Les conditions de la reprise du logement devant être appréciées en la personne de son bénéficiaire, le décès de celui-ci, survenu avant la date d'expiration du délai de préavis, prive d'effet le congé aux fins de reprise.
Une bailleresse a notifié à ses deux locataires un congé aux fins de reprise pour habiter elle-même le logement.
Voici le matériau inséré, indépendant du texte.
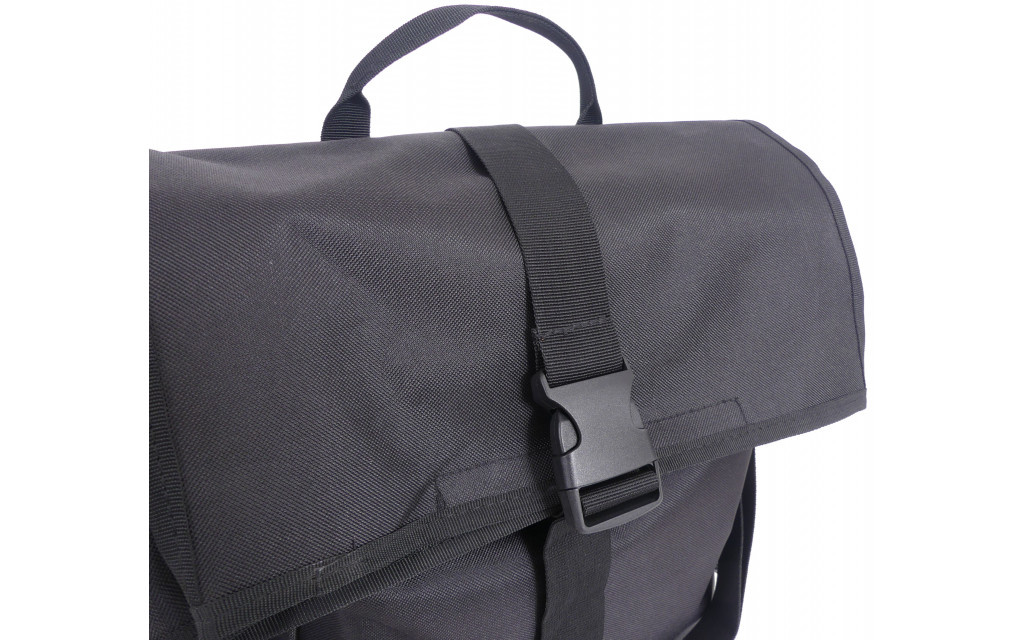 De tas sluit met een waterbestendige rolsluiting met klittenband. Deze zet u vast met een verstelbare klikgesp. De achterkant en de bodem van de tas zijn verstevigd. Voor een betere zichtbaarheid in het donker zijn de zijkanten voorzien van reflectie. Bovendien zijn er lussen voor het bevestigen van een lichtje.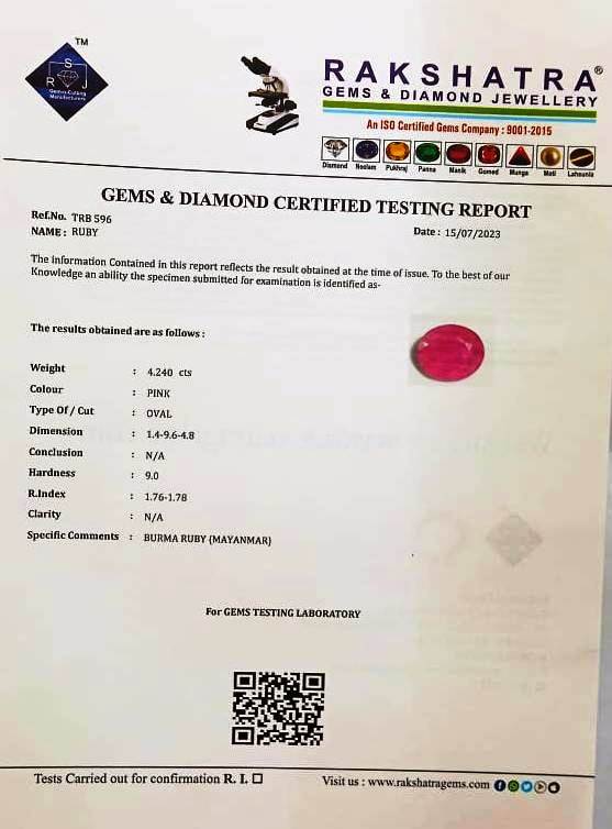 | SPECIFIC COMMENTS: | BURMA RUBY {MAYANMAR} |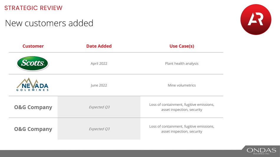 Customer Date Added Use Case(s) A pr i l 2 0 22 Plant health analysis June 2022 Mine volumetrics O&G Company Expected Q3 Loss of containment, fugitive emissions, asset inspection, security O&G Company Expected Q3 Loss of containment, fugitive emissions, asset inspection, security STRATEGIC REVIEW New customers added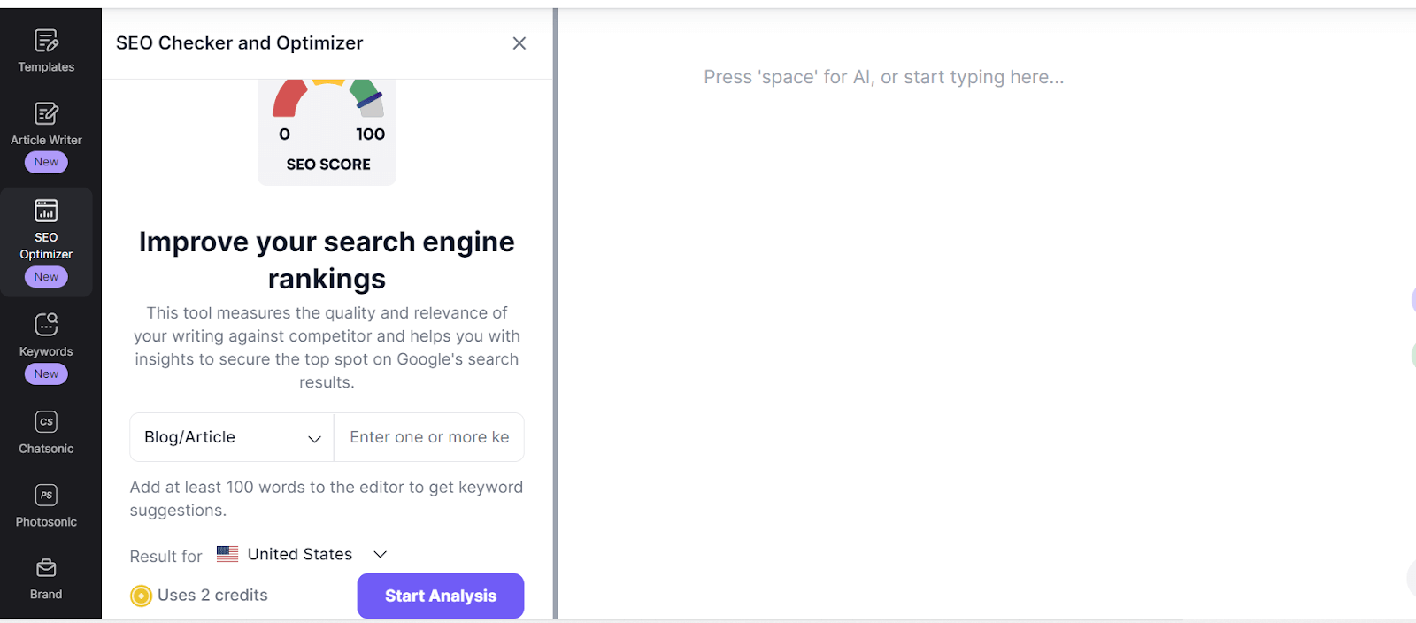 The SEO Checker and Optimizer tool is part of Writesonic’s subscription package. After you subscribe to the tool, you can start optimizing your articles with the tool to enhance your website traffic. You also get to receive a one time offer of 25 credits to explore advanced features and 25 generations per month to work with a few features when you sign up for Writesonic.
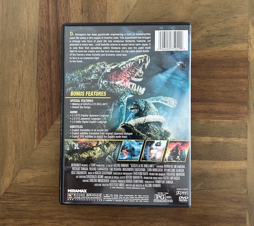 Kazuki Ohmori’s GODZILLA VS BIOLLANTE (1989) Miramax 2012 Widescreen DVD. Condition is Very Good. Shipped with USPS Media Mail.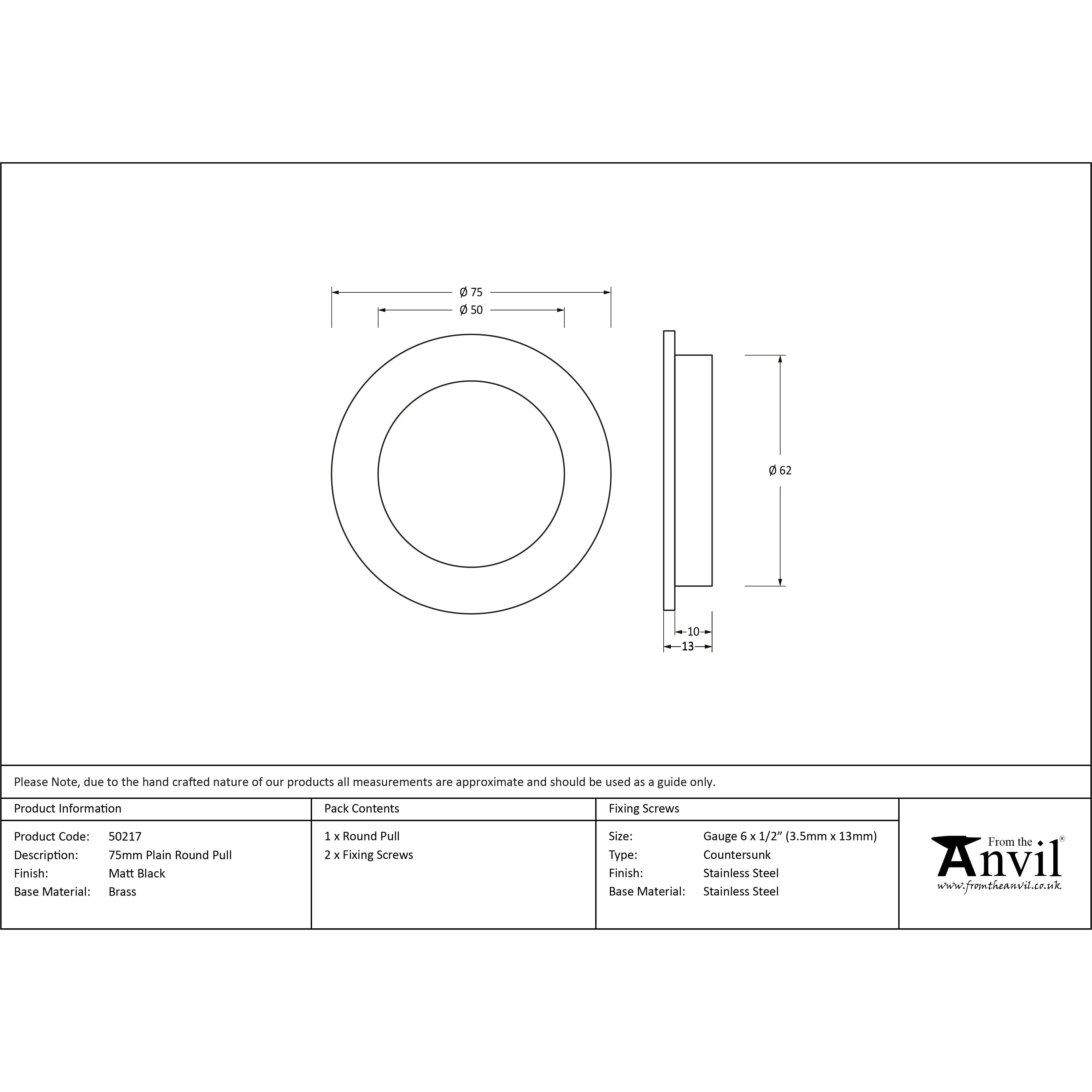 Matt Black 75mm Plain Round Pull | From The Anvil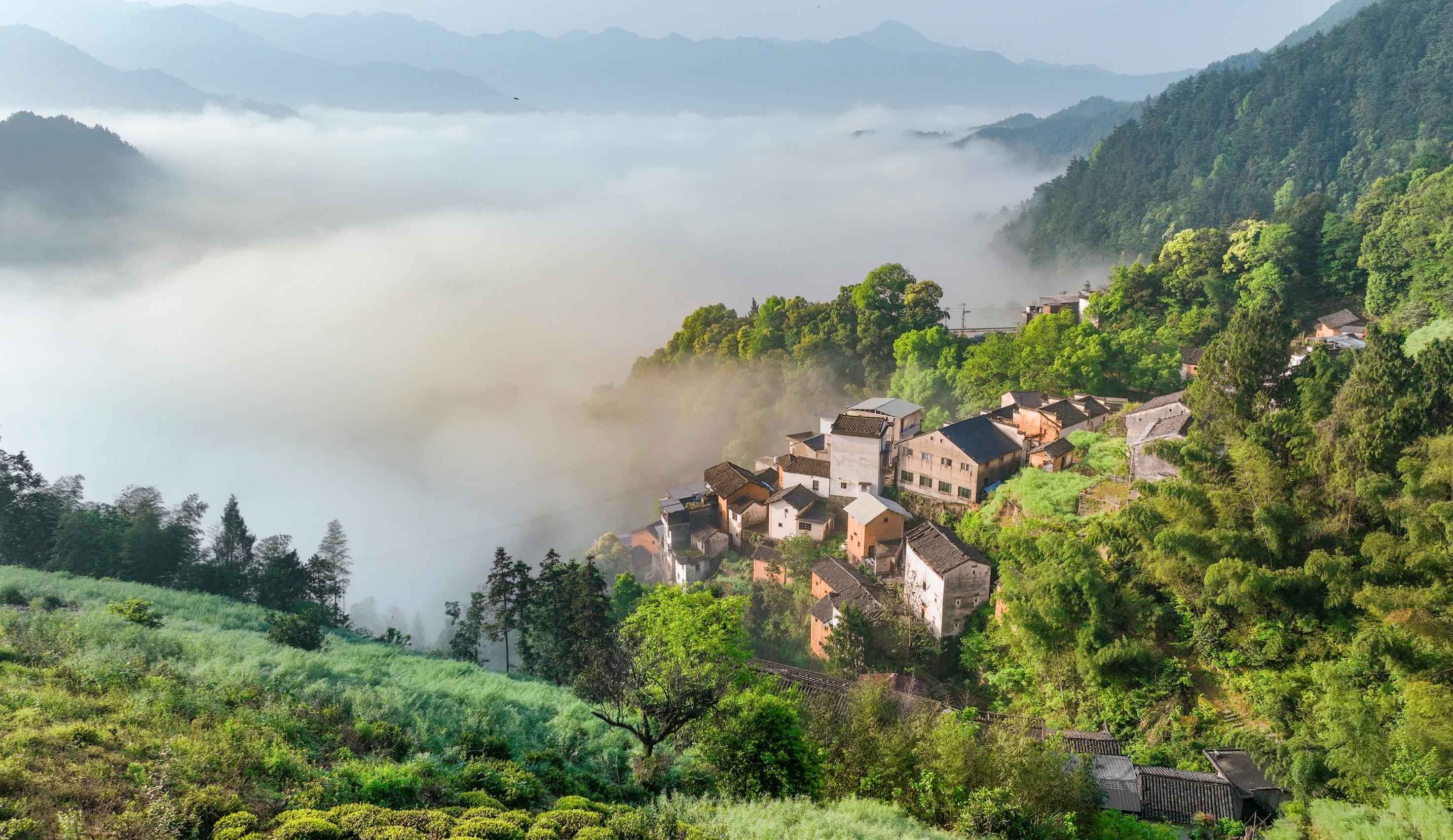 4月19日,歙县武阳乡约里村,晨雾漫绕青山,错落民居隐于翠绿间,尽显生态古村风貌。近年来,歙县通过推动传统村落活化利用,走出一条“保护促利用、利用强保护”的乡村振兴新路径。

Elle est décédée durant le délai de préavis de six mois, laissant pour lui succéder son fils.
Après avoir fait connaître aux locataires son intention de reprendre le logement pour l'habiter lui-même, le fils les a assignés en validation du congé, expulsion et condamnation des locataires au paiement d'une indemnité d'occupation, d'un arriéré locatif ainsi que de dommages et intérêts.
Les locataires ont formé des demandes reconventionnelles en délivrance de quittances et en paiement de dommages et intérêts.
Pour déclarer valide le congé, la cour d'appel de Paris a retenu que le droit de reprise pour habiter est un droit transmissible qui peut être repris par l'héritier du bailleur, que le congé notifié, régulier en la forme, était fondé sur un motif légitime et sérieux en sorte que le fils de la bailleresse était venu aux droits de sa mère sur ce congé, ce dernier ayant, au surplus, fait connaître aux locataires son intention de reprendre le logement pour l'habiter personnellement postérieurement au décès de la bailleresse.
Dans un arrêt du 16 avril 2026 (pourvoi n° 24-13.191), la Cour de cassation censure ce raisonnement au visa de l'article 15, I, de la loi n° 89-462 du 6 juillet 1989 : les conditions de la reprise du logement devant être appréciées en la personne de son bénéficiaire, le décès de celui-ci, survenu avant la date d'expiration du délai de préavis, prive d'effet le congé aux fins de reprise.